Betty Lowman Carey was a tomboy. She took to the canoe instantly and named it Bijaboji, an acronym of her brother’s names, Bill, Jack, Bob and Jimmy. She spent hours rowing the waters around Anacortes, Wa. It wasn’t long before she hatched a plan to row the boat to Alaska under her solo power.
Her father strictly forbade it. She persisted.
Thinking to deter her from a dangerous journey, her father devised a test for her, telling her that once she had completed it, he would give her his permission to set forth. The test was a 10 mile swim between Guemes and Cypress Islands, a channel known for its strong currents. Perhaps he thought she would give up in the face of such an impossible task. Or perhaps he really knew his daughter–that she never gave up–and he wanted to make sure she was an accomplished swimmer, in case her boat overturned.
Needless to say, she passed the test.
In June of 1937, Carey graduated from the University of Washington and four days later set off in her canoe to row the inside passage. Sixty six days and 1500 miles later she reached her goal when she landed in Ketchikan, becoming the first woman to row the Inside Passage solo.
I expected hardships and I looked forward to them as a chance to find myself out.
–Betty Lowman Carey, 1937
Twenty six years later she repeated the feat, this time rowing from Ketchikan to Anacortes. She has written a book about her adventure: Bijaboji: North to Alaska by Oar.
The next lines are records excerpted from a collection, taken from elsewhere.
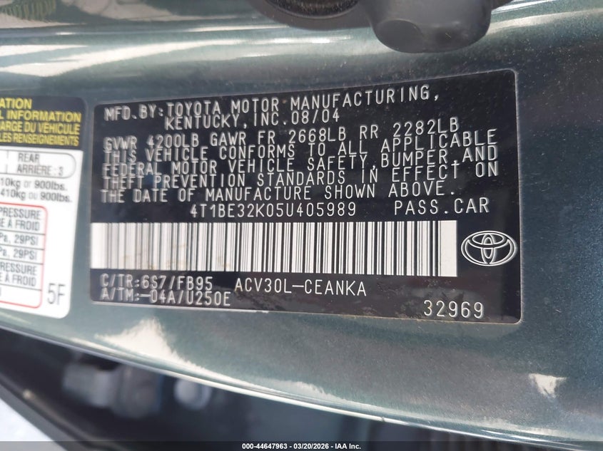 • 4T1BE32K05U405989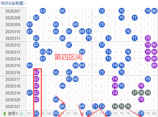 上期四区间开出了7奖号(66.69.71.72.74.75.76)上期的四区开7个奖号呈现了一个递增的趋势,开出的奖号7头回补5个,6头开也是回补了2个,先来看号码62在近 30 期内属于是较热的号码,近期出现频率相对还是比较好一点,偶尔会间隔多期后出现一次,这个号码要注意防守,号码65具有一定的间歇性活跃度较一般比如有时会间隔 3到4期就再次出现,也有时会间隔多期,近期整体出现频率比较温热,近期还是要关注的.号码73活跃度近期比较热,有一定的间歇性。活跃度近期还算稳定,整体走势有一定的波动性.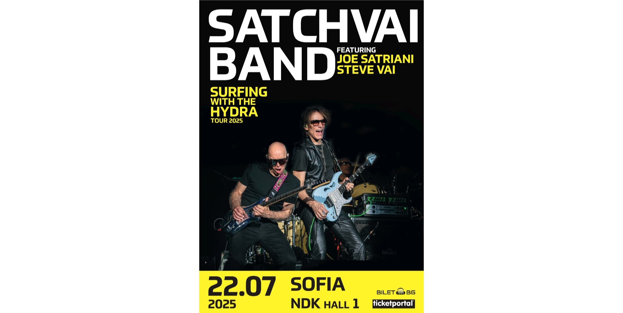 На 22 юли в зала 1 на НДК ще посрещнем за първи път в България новосъздадената група SatchVai Band, включваща Joe Satriani и Steve Vai на китари, Marco Mendoza на бас, Kenny Aronoff на барабани и Pete Thorn също на китара.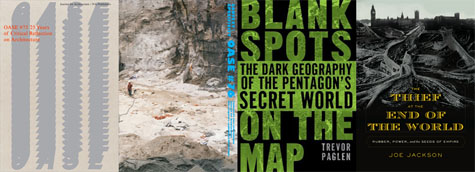Through a combination of publisher review copies and the slow-to-end fire sale at my favorite local bookstore, Stacey’s – they’ve gone out of business and are selling everything at 50% off, including now even the furniture – BLDGBLOG’s home office is awash in books. Since there literally is not enough time left in a person’s life to read all of these, I decided that I would instead start a new, regular series of posts on the blog called “Books Received” – these will be short descriptions of, and links to, interesting books that have crossed my desk. Note that these lists will include books I have not read in full – but they will never include books that don’t deserve the attention. Note, as well, that if you yourself have a book you’d like to see on BLDGBLOG, get in touch – send us a copy, and, if it fits the site, we’ll mention your title in a future Books Received.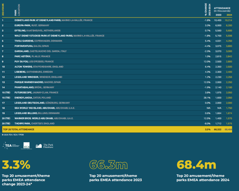 EMEA地区主题公园前20强名单 图源:2024TEA全球体验指数报告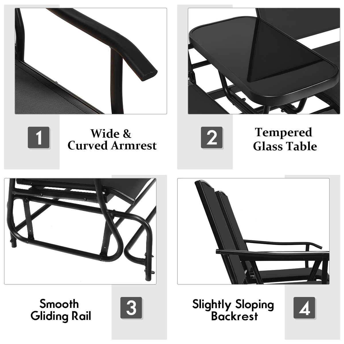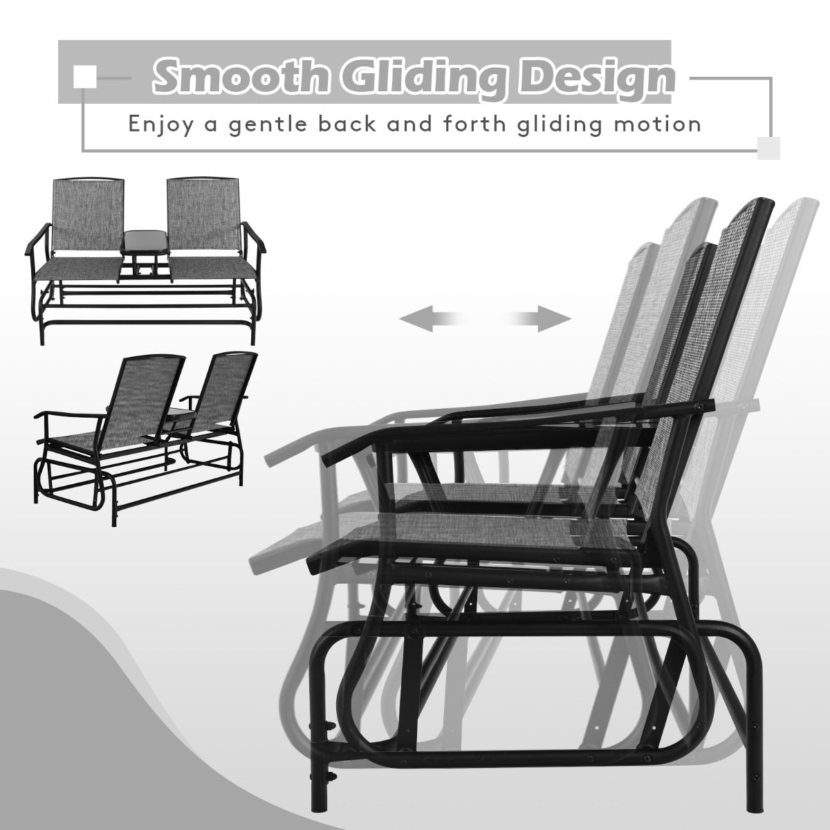 Comfortable & Safe Design: The two-person rocking chair's gliding system is very quiet and smooth, which can bring you the most comfortable rocking experience. Plus, the rocking chair is also equipped with protective foot pads to prevent slipping and protect the ground.
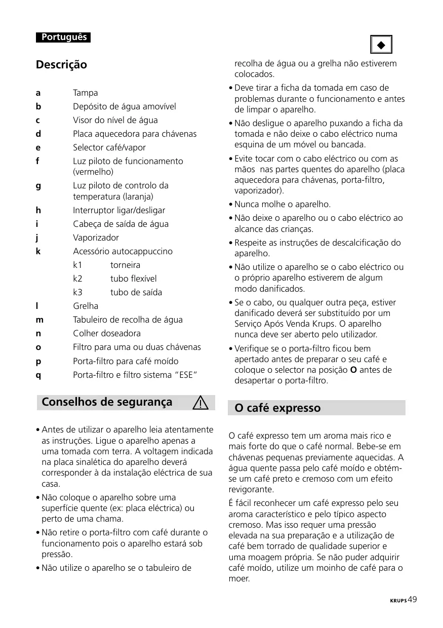 - Se o cabo, ou qualquer outra peça, estiver danificado deverá ser substituído por um Serviço Após Venda Krups. O aparelho nunca deve ser aberto pelo utilizador.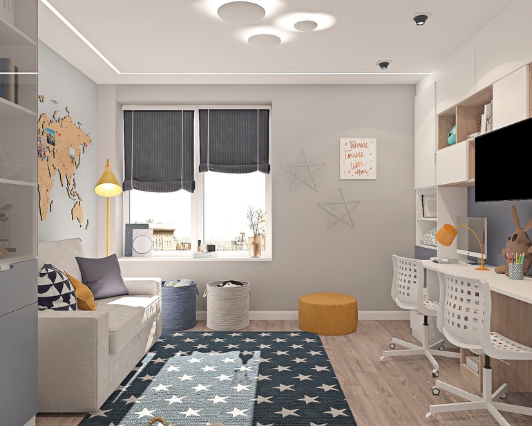 спасибо. У детей будет еще одна комната спальня, там помимо кроватей будет шкаф и комод для одежды, а так же спортивный уголок. Мы решили его вынести в другую комнату, чтобы эту не нагромождать.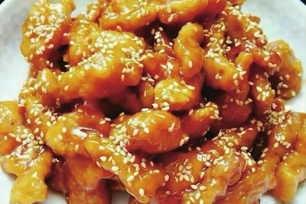 万能酱汁:4勺番茄酱、2勺糖、2勺醋、1勺生抽、1勺淀粉、3勺水,搅拌均匀后倒入锅中,煮浓稠后倒入炸好的里脊肉条翻炒均匀,最后撒上点白芝麻点缀就可以出锅了。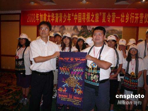 7月25日,由39名加拿大華裔青少年組成的“中國尋根之旅”夏令營在國際旅游名城桂林開營,廣西區(qū)僑辦官員給夏令營增送壯族禮物“壯錦”。據(jù)介紹,此次為期9天的夏令營活動是由中國國務(wù)院僑務(wù)辦公室主辦,廣西區(qū)僑辦承辦,夏令營成員將游覽廣西桂林、南寧、北海3個旅游城市,學(xué)習(xí)中國文化常識,了解廣西民族民俗風(fēng)情。中新社發(fā) 周利朔 攝
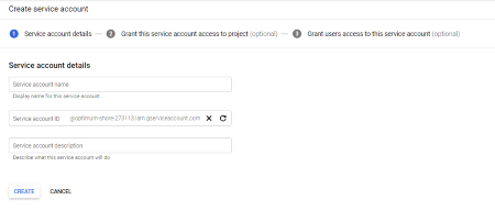 The Google Analytics connector works on a service account authentication mode. To create a service account, you must first create a project.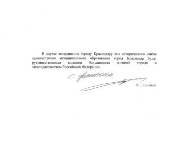В случае возвращения городу Краснодару его исторического имени администрация муниципального образования город Краснодар будет руководствоваться мнением большинства жителей города и законодательством Российской Федерации.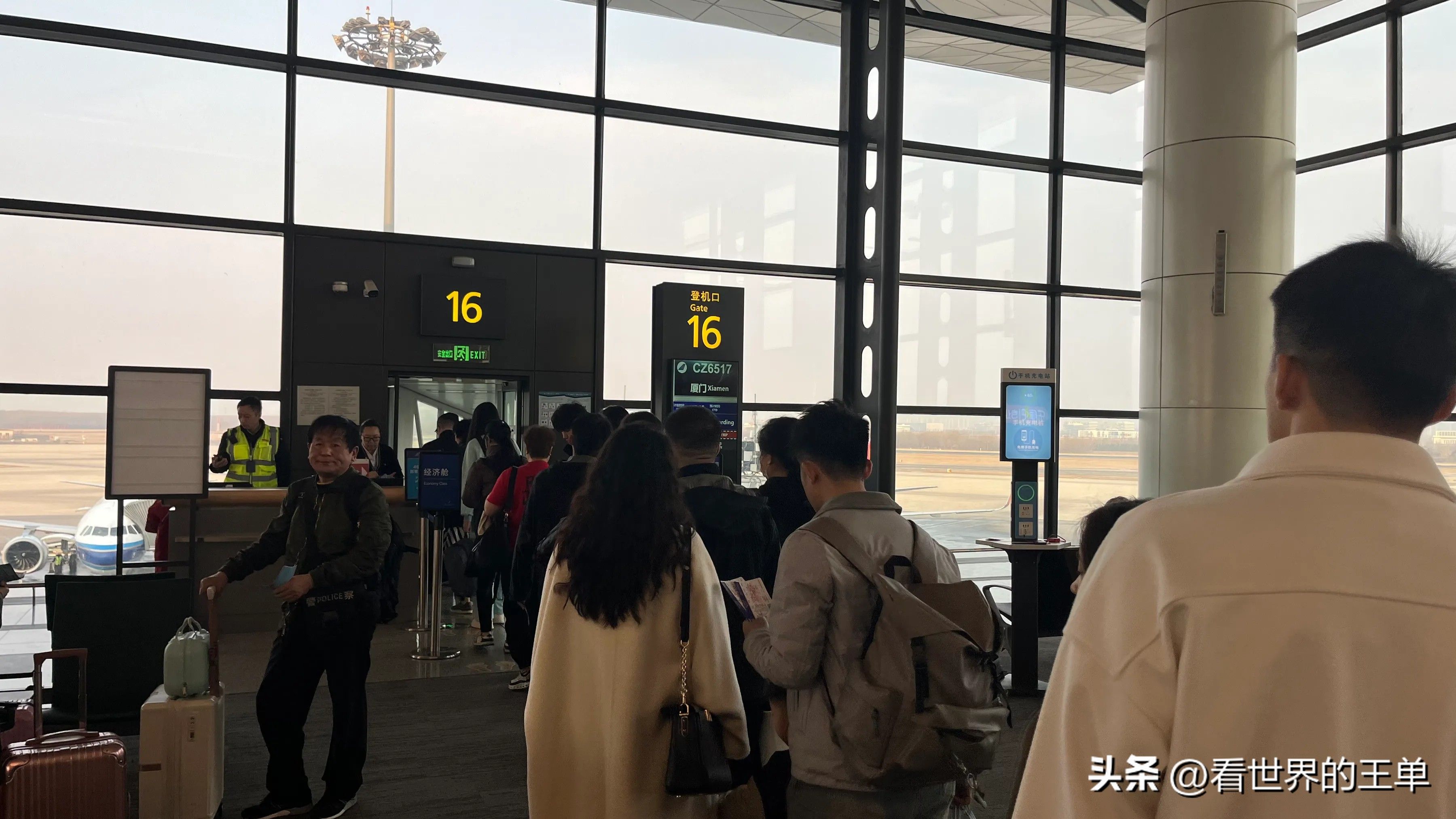 由于出发时间太早,我们都没来得及吃早餐,只能在机场简单地泡了方便面来填饱肚子。顺利办理登机手续后,我们来到了 16 号登机口,耐心等待登机。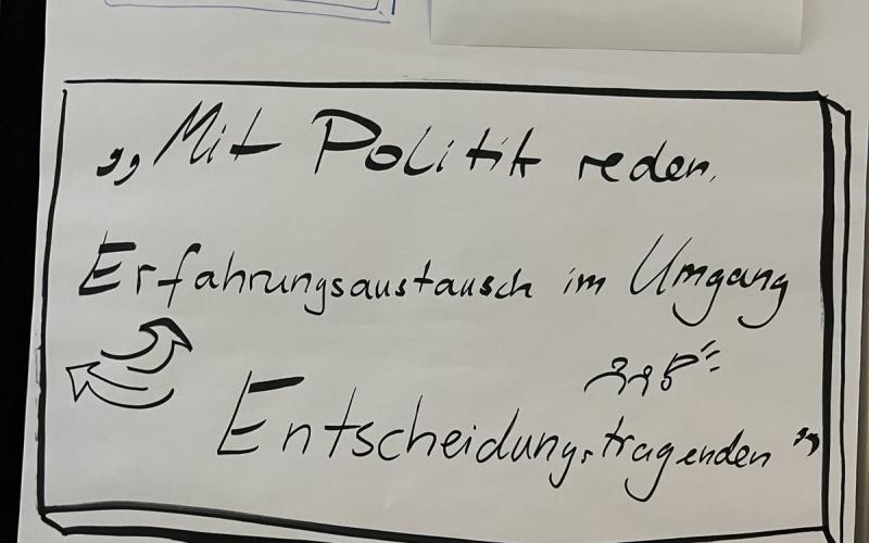 Und tauschten uns zu Strategien aus, wie wir Brücken schlagen können, dass Menschen selber für ihre Interessen sprechen können:

For many years after her first adventure, she traveled the country giving lectures about her trip. This was during the same era that Amelia Earhart embarked on her famous journey into history and our imaginations. She met and married Neil Carey and the couple homesteaded on Queen Charlotte Island, a body of land accessible only by boat or helicopter. As of 2009, Bijaboji is on display in the W.T. Preston Heritage Center at Cap Sante Harbor in Anacortes.